On 5/25/23 10:11, Michal Koutný wrote:
On Thu, May 25, 2023 at 12:35:18PM +0800, Ming Lei ming.lei@redhat.com wrote:
It is less a problem if the cgroup to be destroyed also has other controllers like memory that will call cgroup_rstat_flush() which will clean up the reference count. If block is the only controller that uses rstat, these offline blkcg and blkgs may never be freed leaking more and more memory over time.
On v2, io implies memory too. Do you observe the leak on the v2 system too?
(Beware that (not only) dirty pages would pin offlined memcg, so the actual mem_cgroup_css_release and cgroup_rstat_flush would be further delayed.)
The memory leak isn't observed on cgroup v2 as the cgroup_rstat_flush() call by the memory controller will help to flush the extra references holding back blkcgs. It is only happening with a cgroup v1 configuration where blkcg is standalone in a cgroup.

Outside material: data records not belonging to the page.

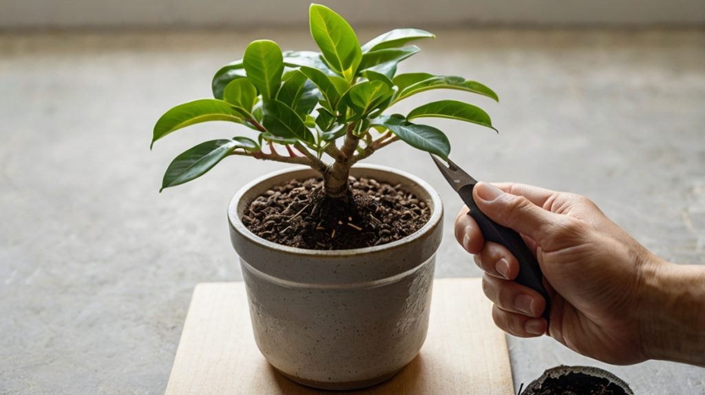 ガジュマルの挿し木を、ひょろひょろではなく、がっしりとした力強い姿に育てるためには、適切な「剪定(せんてい)」と「日照管理」が欠かせません。これらは、いわばガジュマルの健康診断と、理想の体型を作るためのトレーニングのようなもの。まず剪定ですが、これは単に形を整えるだけでなく、植物のエネルギーを新芽や枝に効率よく集中させ、より密で丈夫な成長を促す効果があります。挿し木がある程度成長し、新しい葉が数枚しっかりと開いたら、思い切って一番上の芽(頂芽)を指で摘んでみましょう(摘心といいます)。こうすることで、脇から新しい芽が伸びやすくなり、横にこんもりと広がる樹形を作ることができます。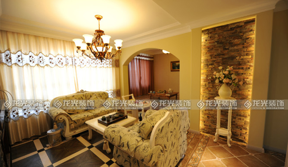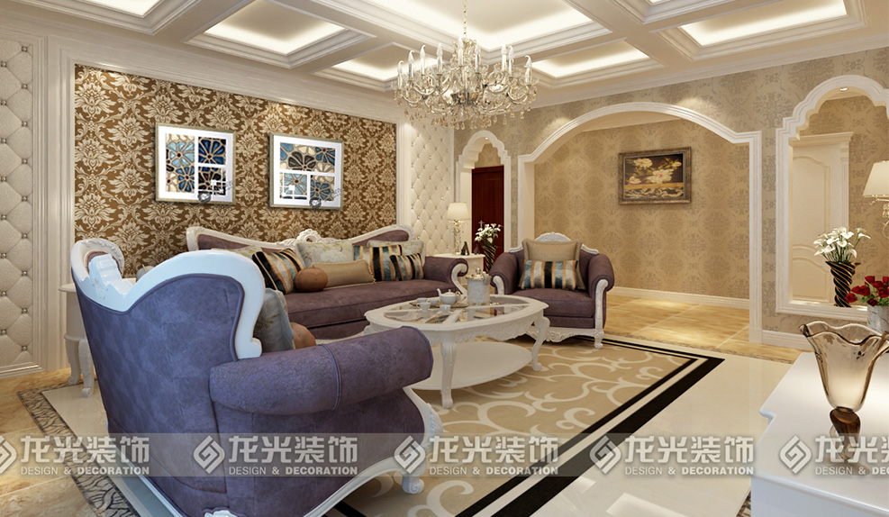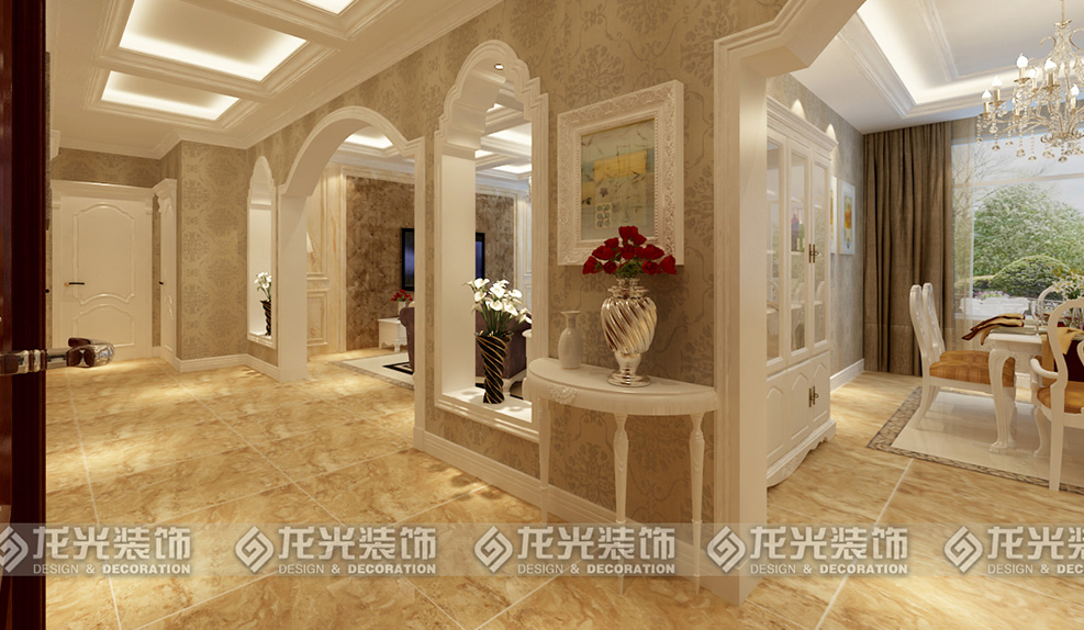 1、門廳過廊區(qū)域采用米黃色大理石瓷磚進(jìn)行鋪貼,過廊頂部運(yùn)用多個回字形懸浮吊頂,充分的將歐式風(fēng)格的高端大氣的感覺展現(xiàn)出來,造型頂既增加了過廊的延伸感,又使整個區(qū)域的頂?shù)卦煨陀辛撕芎玫暮魬?yīng),由于客廳跨度比較寬,采用三個拱形埡口造型,使得空間更有層次,兩側(cè)的埡口可以以屏風(fēng)隔斷的形式存在,劃分出客廳與過廊之間的區(qū)域。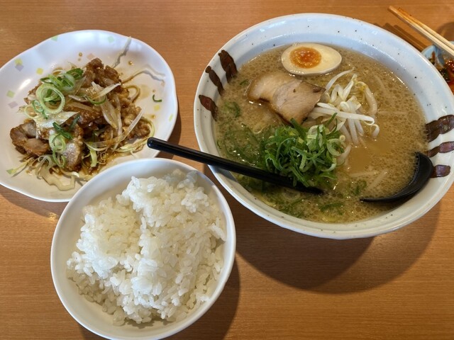 豚骨醤油ラーメンにライスと油...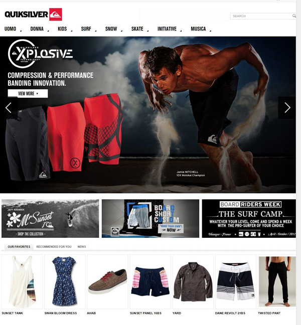 Grazie all’utilizzo di una delle piattaforme maggiormente evolute, il nuovo Quiksilver.com offre agli internauti un ambiente interattivo ricco di contenuti, ma facilmente fruibile, all’interno del quale è possibile visualizzare gli oltre 3000 prodotti delle collezioni Quiksilver.
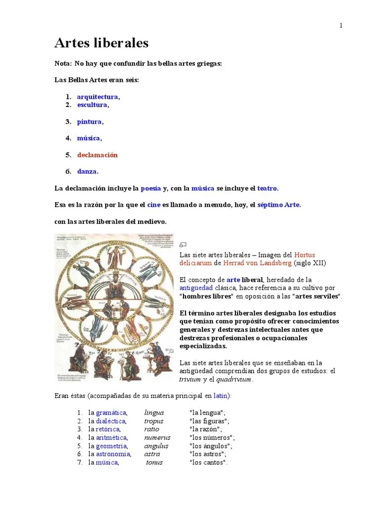 En la época antigua se distinguía entre las artes liberales, que sirven al hombre libre para encontrar el camino de la elevación del ser a través de la ciencia y el conocimiento; Y las artes serviles, son las que sirven para ganar su sustento y, por lo tanto, sólo tienen un fin económico. El uso de estas artes en las escuelas monásticas y catedralicias de la alta edad media. La expresión artes liberales, usada principalmente durante la edad media, no significa artes en el sentido en el que entendemos estas palabras hoy en día, sino aquellas ramas del conocimiento que fueron enseñadas en las escuelas de aquel tiempo. 20.05.2019 · las 7 artes liberales archivado en maestro; El término artes liberales designaba los estudios que tenían como propósito ofrecer conocimientos generales y destrezas intelectuales antes que destrezas profesionales u ocupacionales.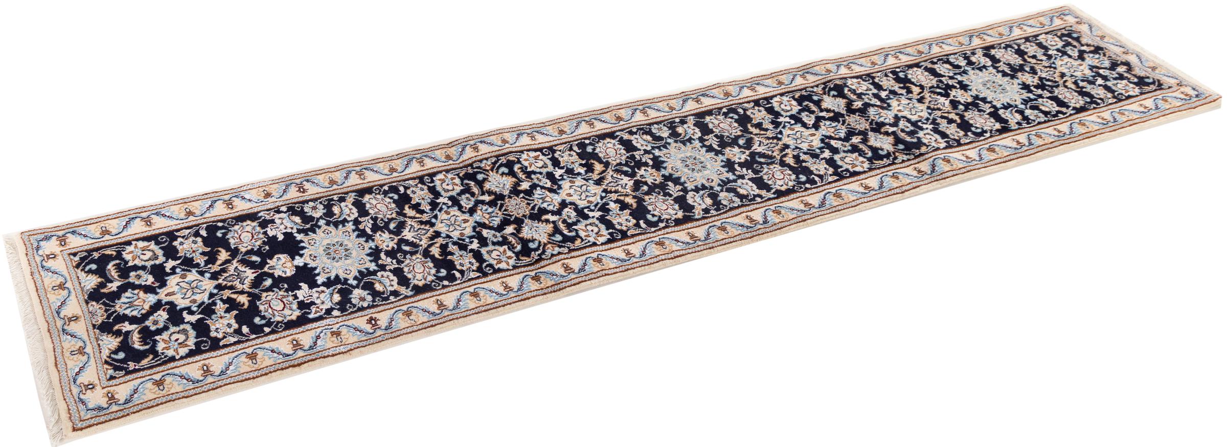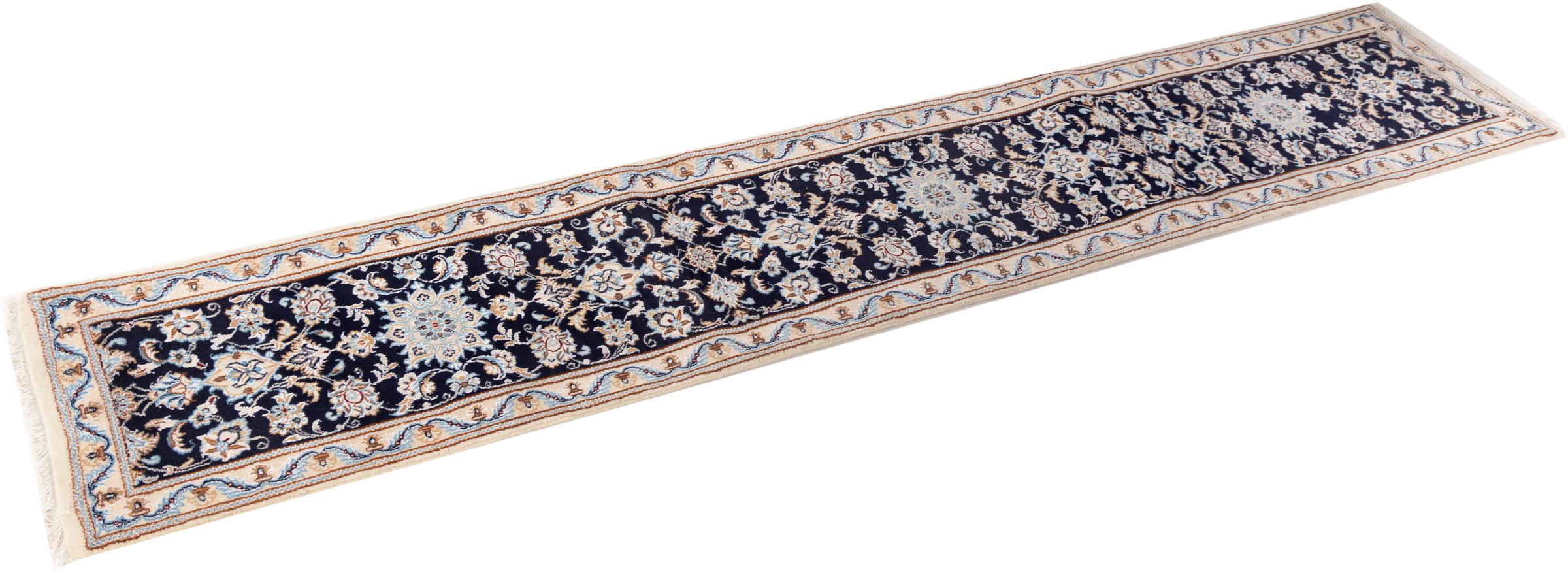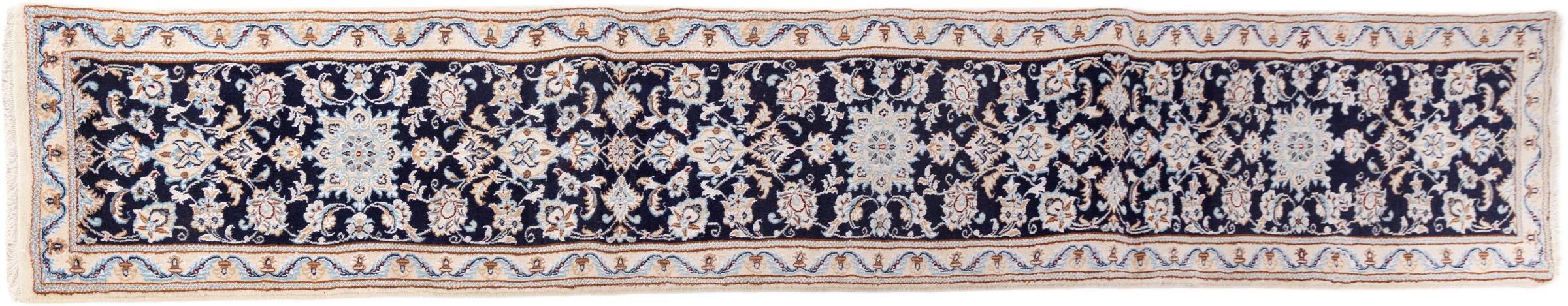 カーペットID 3069340021724 サイズ 293x50 cm 厚さ: およそ 10 mm 密度: 440 000 - 490 000 / m²平方メートル 生産: 手織り 織り目: シルクとウール 整径: コットン 原産地: イラン 年代: 新品 重さ: およそ 5 kg 在庫: ユニーク品 - 在庫 1 点のみ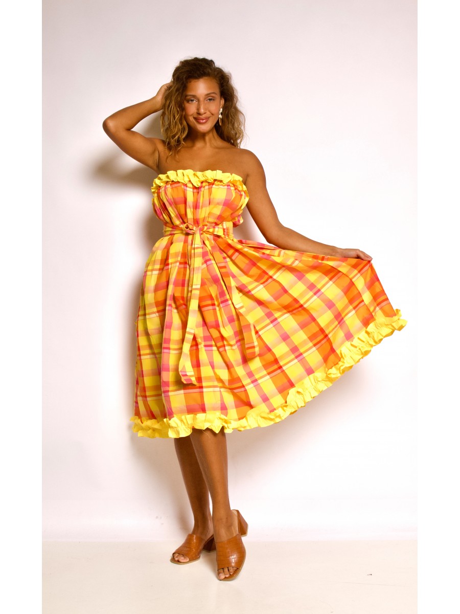 La fusion de mode et de confort dans la robe creole Laeticia de Dody ... En bustier charmant la nudité des épaules, évasée, ajustée à la taille par des smocks sur le dos et une ceinture faintaisiste nouée au-dessous de la poitrine. Réalisée en madras avec des froufrous en coton sur le haut et le bas.Pour finaliser votre tenue, Dody vous propose d'aller dans accessoires vendus séparément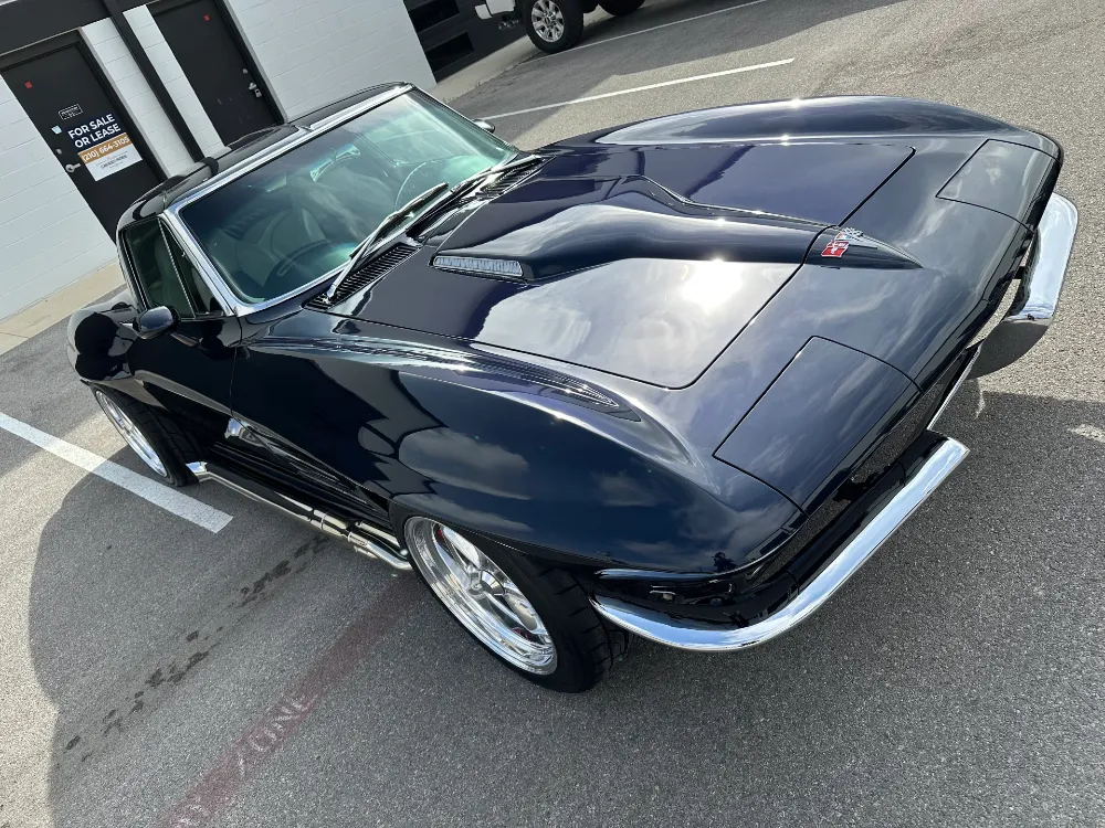 View the Full Project Breakdown- A fully corrected and ceramic coated split window Corvette restomod, captured from the rear three-quarter angle.

To prevent this potential memory leak:
- flush blkcg per-cpu stats list in __blkg_release(), when no new stat
can be added
- add global blkg_stat_lock for covering concurrent parent blkg stat
update
It's bit unfortunate yet another lock is added :-/
IIUC, even Waiman's patch (flush in blkcg_destroy_blkcfs) would need synchronization for different CPU replicas flushes in blkcg_iostat_update, right?
Right, the goal is to prevent concurrent call of blkcg_iostat_update() to the same blkg.
Cheers, Longman